# Frame powder coating in Los Angeles?



## Go_Fast

I have a track frame that I'd like to get powder coated flat black and build it into a proper track bike for the Velodrome.

Anyone know someone who powder coats in the LA area, preferably west side or South Bay. There are large powder coating shops here however I think I'd get better service and a better price for a single small job as this with a smaller operation.


----------



## redondoaveb

Foremost coating. Gardena. foremostcoating.com. They did my wheels on my car (gloss black). Great job, highly recommended.


----------



## Go_Fast

+rep for you my friend. thx!


----------



## redondoaveb

Thanks for the rep. If you check their website they even advertise doing bicycle frames. I thought about painting my wheels then I figured I'd spring for powder coating. It's been about 4 years now, still look brand new. Really cool people, they will show you around the shop, let you check out their operation. 
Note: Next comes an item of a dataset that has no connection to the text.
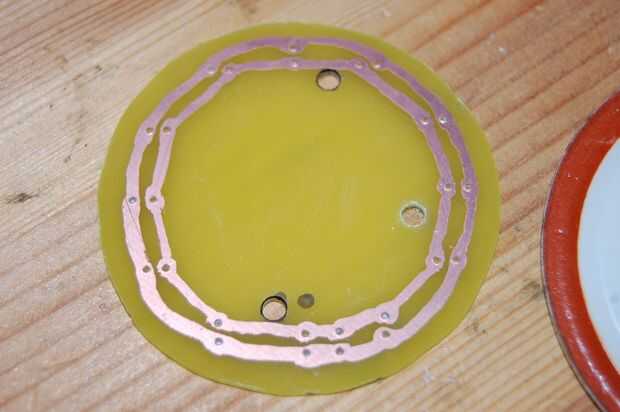 2. utilizando un lápiz etch resist (o en mi caso, una botella de esmalte de uñas mi esposa no quería ya) dibujar dos círculos concéntricos alrededor del borde exterior del tablero de PC. Asegúrese de que hay suficiente espacio en el centro para montar el soporte de la batería!
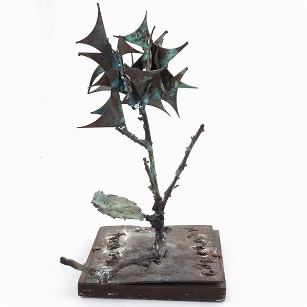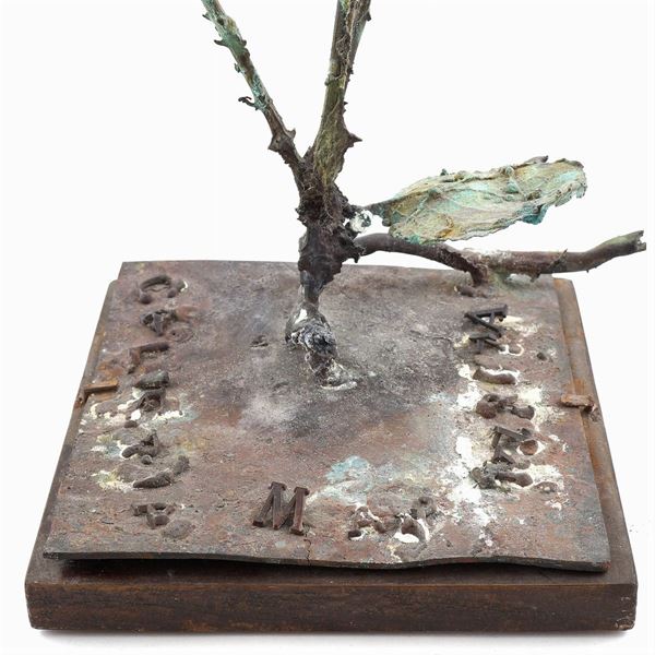 "Untitled", patinated bronze sculpture, bears on its base in relief "margherita Gallery", squared wood base, 37x18x18 cm.

You'll love your frame power coated. If you check out the gloss, you may change your mind and go that route.

PS, post pics when you're done!


----------



## Hollywood

Go_Fast said:


> I have a track frame that I'd like to get powder coated flat black and build it into a proper track bike for the Velodrome.
> 
> Anyone know someone who powder coats in the LA area, preferably west side or South Bay. There are large powder coating shops here however I think I'd get better service and a better price for a single small job as this with a smaller operation.


Ship it to Olympic in Santa Ana. I've used them several times. They know bikes and do some mfr's like Foes and Turner I believe. Fast turnaround and cheap freight. For reals.


----------